* Work required: Return every record below exactly as written, omitting any pictures.

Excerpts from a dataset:
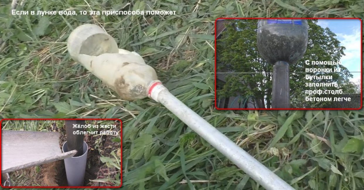 Для этого внутрь металлического столба будем заливать бетон. Это удобно делать с помощью самодельной воронки из пятилитровой бутылки.
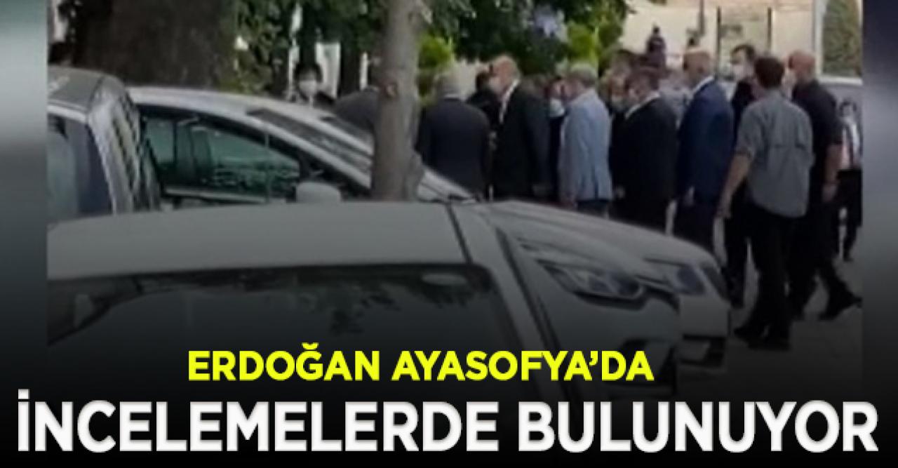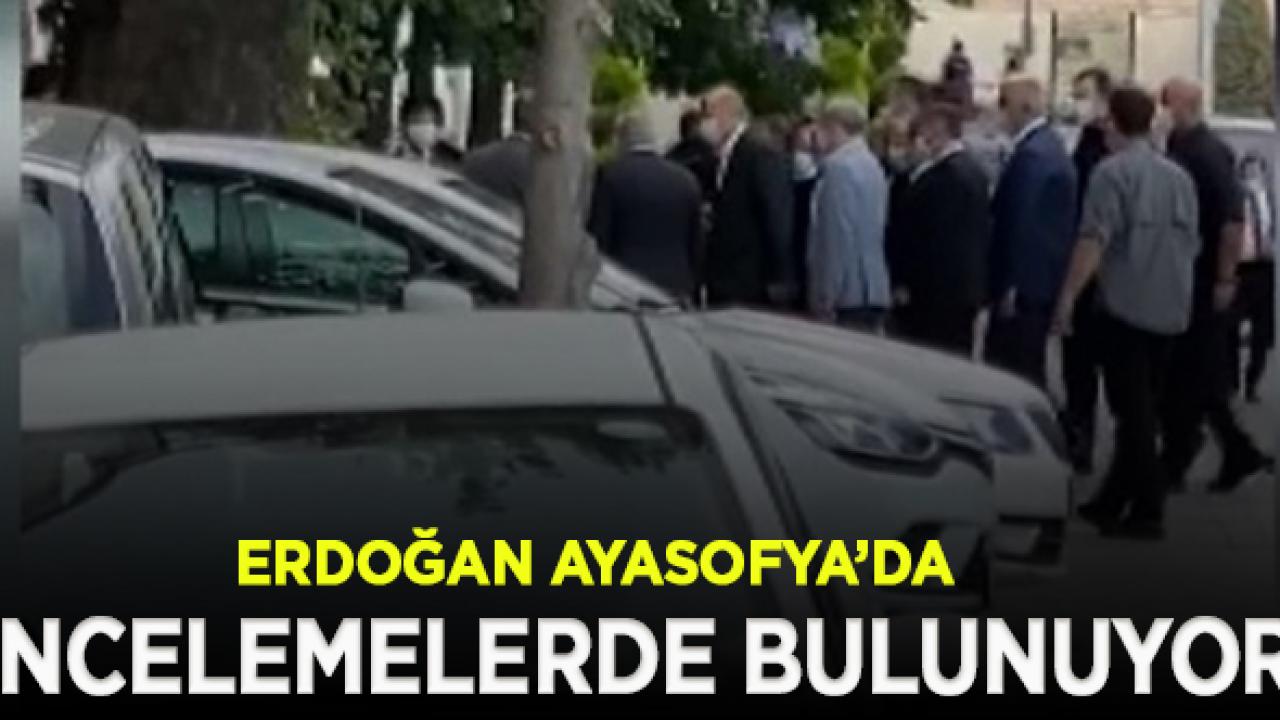 Cumhurbaşkanı Recep Tayyip Erdoğan, Ayasofya Camii'ne geldi. Cumhurbaşkanı Erdoğan, 24 Temmuz'da ibadete açılacak Ayasofya Camii'nde yapılan çalışmalar ve hazırlıklar hakkında yetkililerden bilgi alıyor. Kültür ve Turizm Bakanı Mehmet Nuri Ersoy ve Diyanet İşleri Başkanı Ali Erbaş da Erdoğan'a eşlik ediyor.
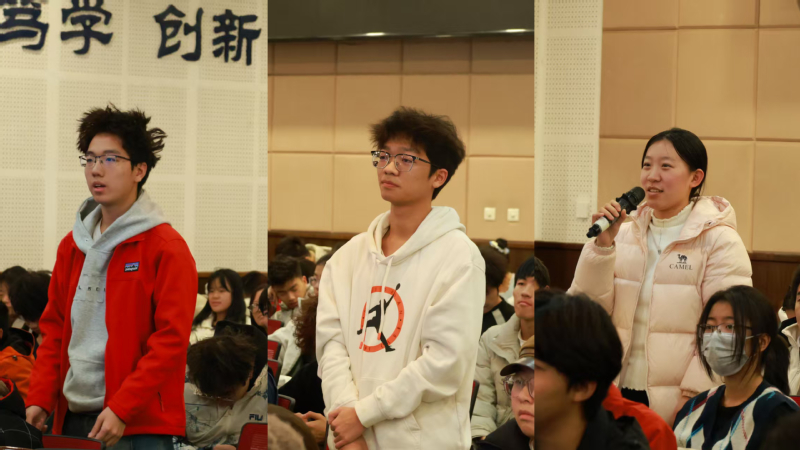 在交流环节,同学们围绕就业方向、行业前景等话题积极提问,孙衍龙逐一作出细致解答与分享。
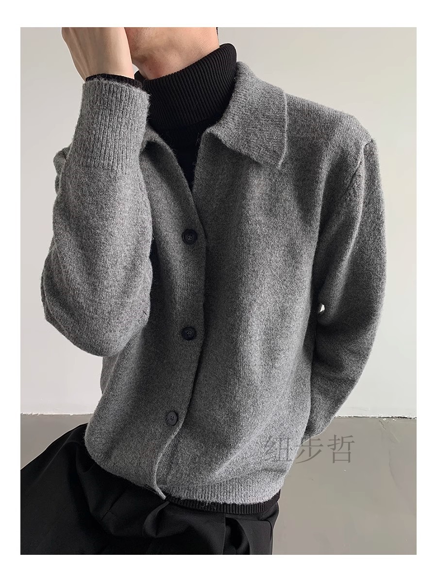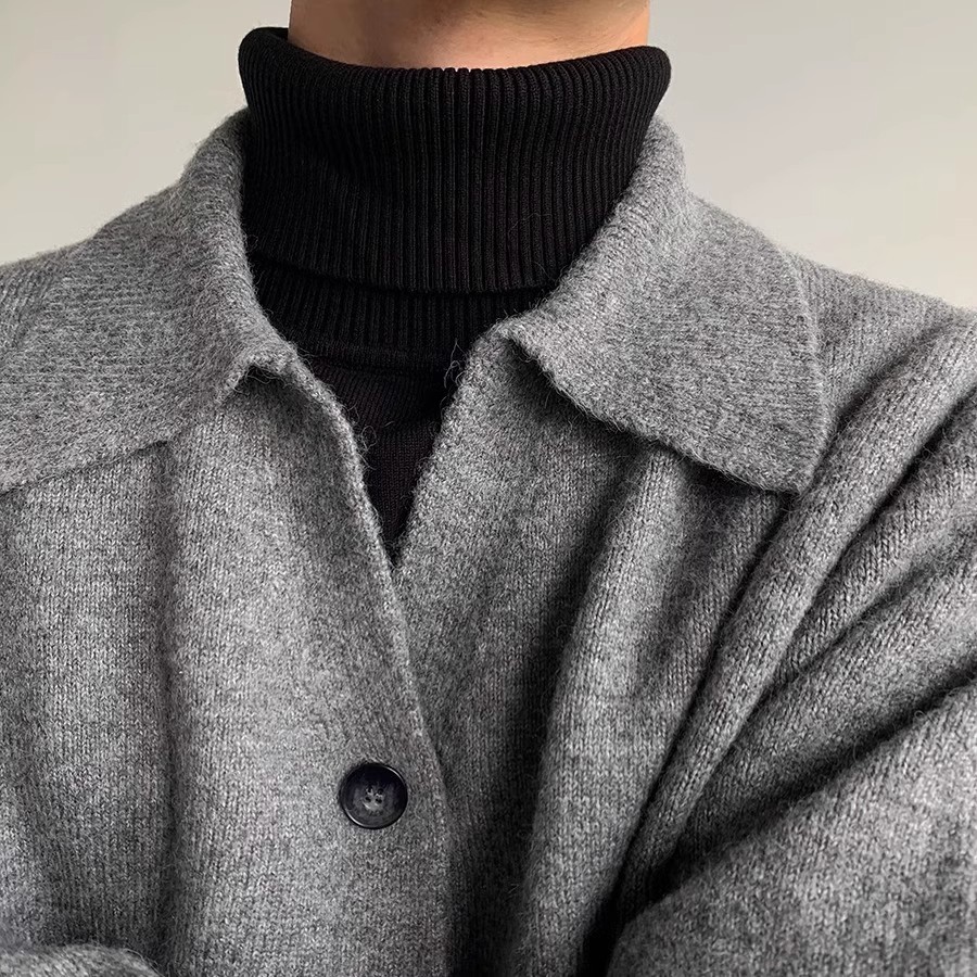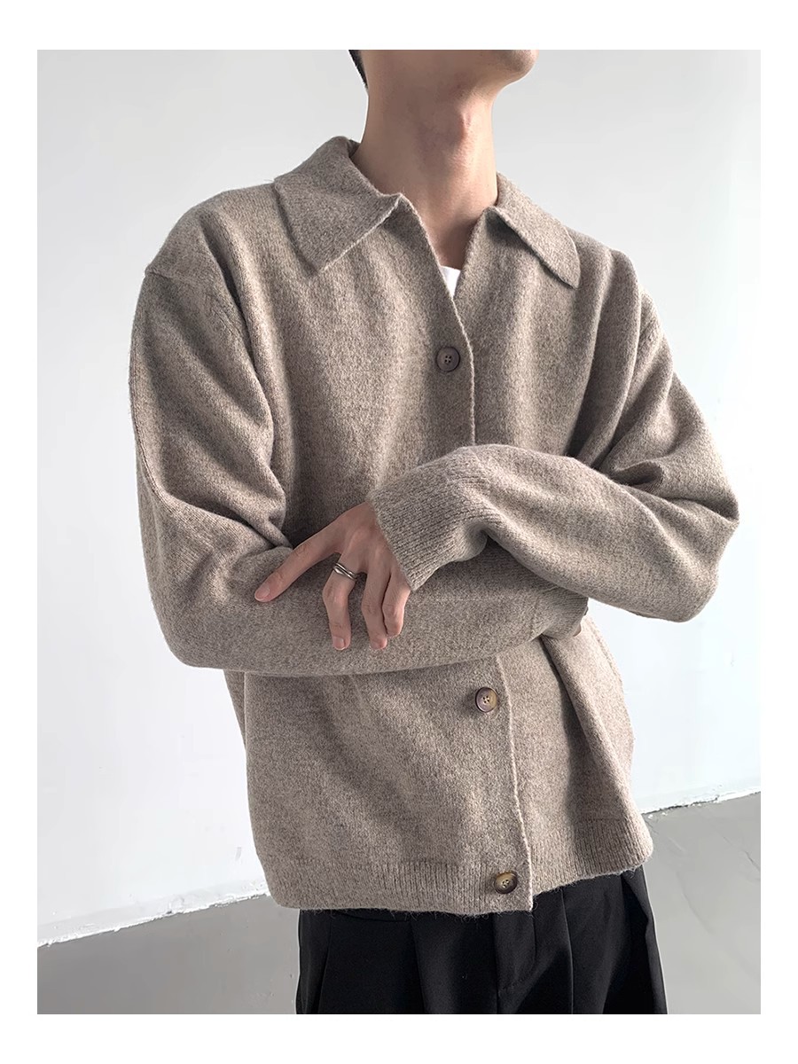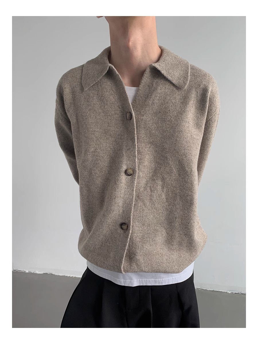 한국 스타일 얇은 바늘 옷깃 카디건 스웨터 재킷 간단한 단색 느슨한 캐주얼 올 매치 긴 소매 니트 탑
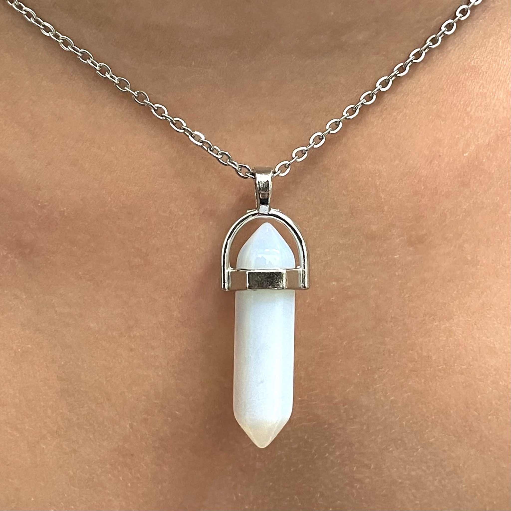Beautiful genuine crystal jewellery set in high-quality surgical stainless steel. Opalite double terminated points necklace.
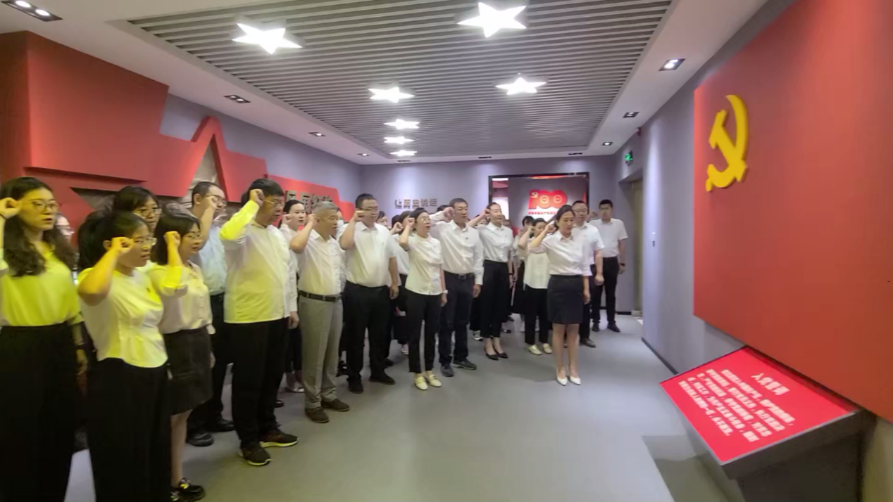 参观结束后,全体参观人员面对鲜红的党旗,庄严地举起右拳,在党委副书记钱芳的带领下,重温入党誓词,郑重宣誓。

* Task result:
 Для этого внутрь металлического столба будем заливать бетон. Это удобно делать с помощью самодельной воронки из пятилитровой бутылки.
 Cumhurbaşkanı Recep Tayyip Erdoğan, Ayasofya Camii'ne geldi. Cumhurbaşkanı Erdoğan, 24 Temmuz'da ibadete açılacak Ayasofya Camii'nde yapılan çalışmalar ve hazırlıklar hakkında yetkililerden bilgi alıyor. Kültür ve Turizm Bakanı Mehmet Nuri Ersoy ve Diyanet İşleri Başkanı Ali Erbaş da Erdoğan'a eşlik ediyor.
 在交流环节,同学们围绕就业方向、行业前景等话题积极提问,孙衍龙逐一作出细致解答与分享。
 한국 스타일 얇은 바늘 옷깃 카디건 스웨터 재킷 간단한 단색 느슨한 캐주얼 올 매치 긴 소매 니트 탑
Beautiful genuine crystal jewellery set in high-quality surgical stainless steel. Opalite double terminated points necklace.
 参观结束后,全体参观人员面对鲜红的党旗,庄严地举起右拳,在党委副书记钱芳的带领下,重温入党誓词,郑重宣誓。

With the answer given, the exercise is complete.